My bp was 158/108, and my doctor prescribed 25mg lopressor at first, then he said if that's not enough, 50, then a 100. Then he told me I'd be on bp meds for the rest of my life. I eventually did go to a 100, and i've been screwed ever since then.
In retrospect, I think Docs try to make pts into bp med junkies, in order to increase the profits of the pharmacy companies. I had no education about meds, rebound effect, or beta-blockers versus milder meds. I've had problems ever since. <edited> Beware.
Last edited by mod-anon; 03-26-2010 at 09:16 PM.
Reason: Watch your language on the Boards.
Re: I was 38 and my doctor game me a beta-blocker.
Beta blockers have been in use for high blood pressure for more than 25 years. But Jonnstar is absolutely right regarding beta blockers no longer being prescribed as 1st drug of choice if you have uncomplicated high blood pressure.

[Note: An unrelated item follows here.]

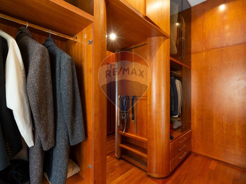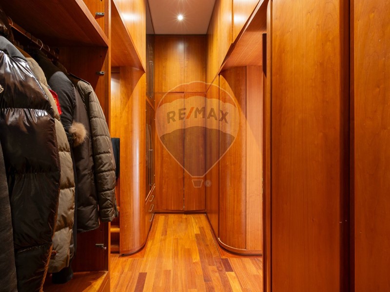 La zona notte comprende quattro camere matrimoniali e tre bagni. Laccesso alla suite padronale avviene tramite una cabina armadio rivestita in boiserie in essenza ciliegio, che introduce alla camera da letto di 30 mq e al bagno doppio con vasca e doccia.

The Joint National Committee 7 hypertension treatment guidelines no longer recommend beta blockers as one of five first-line therapy options unless you've had a previous heart attack, have heart failure, have certain heart arrhythmias, or stable angina.... Their use for uncomplicated hypertension has fallen out of favor especially since the COCHRANE TRIALS in 2007 where there were 13 trials that compared beta blockers with placebo, diuretics, ARBS, calcium channel blockers and ACE inhibitors.
When the beta-blocker arms were compared with placebo, there was NO BENEFIT as to whether the former reduced mortality rate. In fact they noted that there was actually an increase in cardiovascular disease and stroke in those taking the betas as opposed to those taking calcium channel blockers or ACE inhibitors.
ALSO beta blockers seem to cause an inordinate amount of side effects compared to other anti-hypertensive meds. Obviously not in everyone but side effects were statistically higher in the beta group.
You should also know that since '07 the European Society of Hypertension/European Society of Cardiology ALSO stopped endorsing beta-blockers in patients with uncomplicated hypertension.
So, that said, please talk to your doctor. Barring any of the heart issues I mentioned above, there are other options for you out there!